In order to clarify the proposed method for a broad audience, we use a flowchart in Figure 7 to simplify the estimation procedures of signal transductivity of coupling signaling pathways and information transductivity in a GRN. We also clarified the estimation procedure of the method proposed in this study. If we want to measure signal transductivity of coupling signal transduction pathways and information transductivity in a GRN, some technical specifications are required. First, we need microarray sample data (or temporal data) or NGS sample data (or temporal data) for normal or cancer cells. Second, we need recursive parameter estimation algorithm in Equation (12) or (20), and singular value decomposition and basic matrix operation for Equations (18), (23), and (36). Finally, LMITOOL is required for solving the LMI-constrained optimization problem in Equation (30) (Elghaoui et al., 1995).

**Figure 7. The estimation flowchart of the signal transductivity for coupling signaling pathways and information transductivity for a GRN**. The figure summarizes parameter estimations and transductivity measurements of information flows in this study.

In order to estimate the signal transductivities of the coupling signal transduction pathways (Figure 3) obtained from the KEGG database and the information transductivities of the GRN (Figure 4) obtained from the TRANSFAC database in non-leukemia normal cells and AML cancer cells, we applied the microarray sample data from non-leukemia normal cells or AML cancer cells to the Equations (15) and (32). We first identified the system parameters in the models by using the recursive least square parameter estimation algorithm in Equation (20). Finally, we use Equations (22) and (36) to estimate the signal transductivities of coupling signaling pathways in Table 1 and Figures 5, 6 and information transductivities in the GRN, respectively.

## Conclusion

In this study, the signal transductivity and information transductivity in cellular networks were estimated using microarray temporal data and a state-space model of signal processing systems.
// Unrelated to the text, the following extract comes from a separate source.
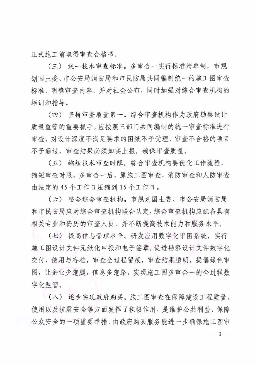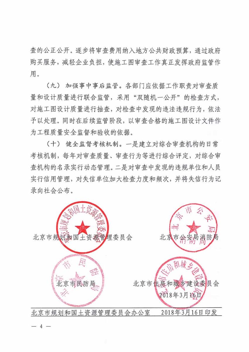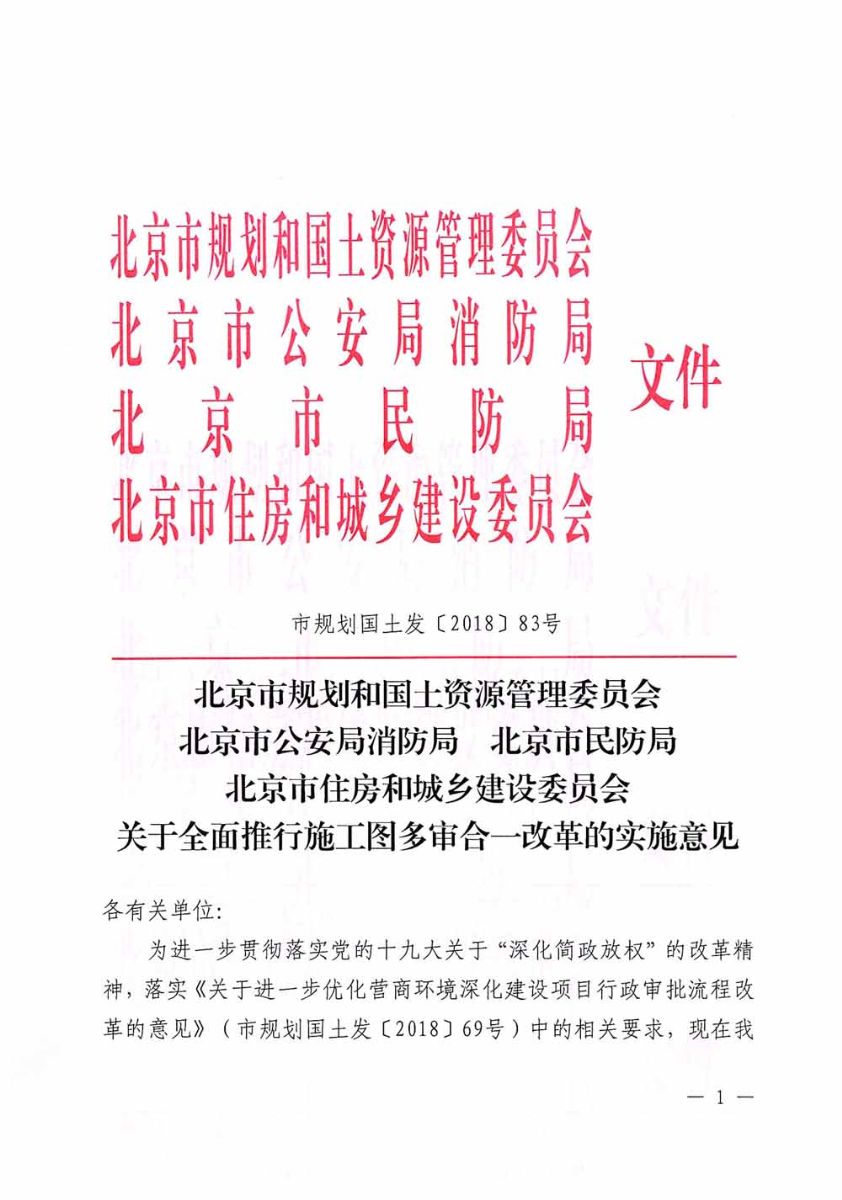 3月16日,北京市规划和国土资源管理委员会、北京市公安局消防局、北京市民防局、北京市住房和城乡建设委员会联合印发《关于全面推行施工图多审合一改革的实施意见》,明确北京市全面推行施工图多审合一改革。
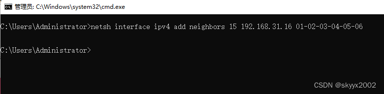 netsh interface ipv4 add neighbors 15 192.168.31.16 01-02-03-04-05-06

If the microarray data are obtained from different samples with a single time point, the static state-space model can also be developed to measure the information flow of cellular systems from multi-input extracellular signals to multi-output TFs in the coupling signal transduction pathways. Furthermore, we also proposed an input/output state-space signal model to overcome the difficulties of the digraph theory method in efficiently estimating the regulatory one-gene-to-another in a complex digraph network of a GRN. Finally, the proposed signal transductivity and information transductivity methods were applied to measure the signal transductivity of coupling signal transduction pathways and the information transductivity of a GRN related to cancer via microarray sample data. By comparing signal transductivity and information transductivity between cancer and normal cells, we were able to determine the systematic dysfunctions of proteins and genes in the signal transduction pathways or a GRN easily, using the proposed method and microarray data. Since the proposed information flow models can also be identified using high-throughput data such as NGS, real-time PCR, or proteomic data, the proposed model has great potential for efficiently estimating the signal transductivity and information transductivity of cellular systems using such data. However, we do not discuss the use of differential expression protein data here.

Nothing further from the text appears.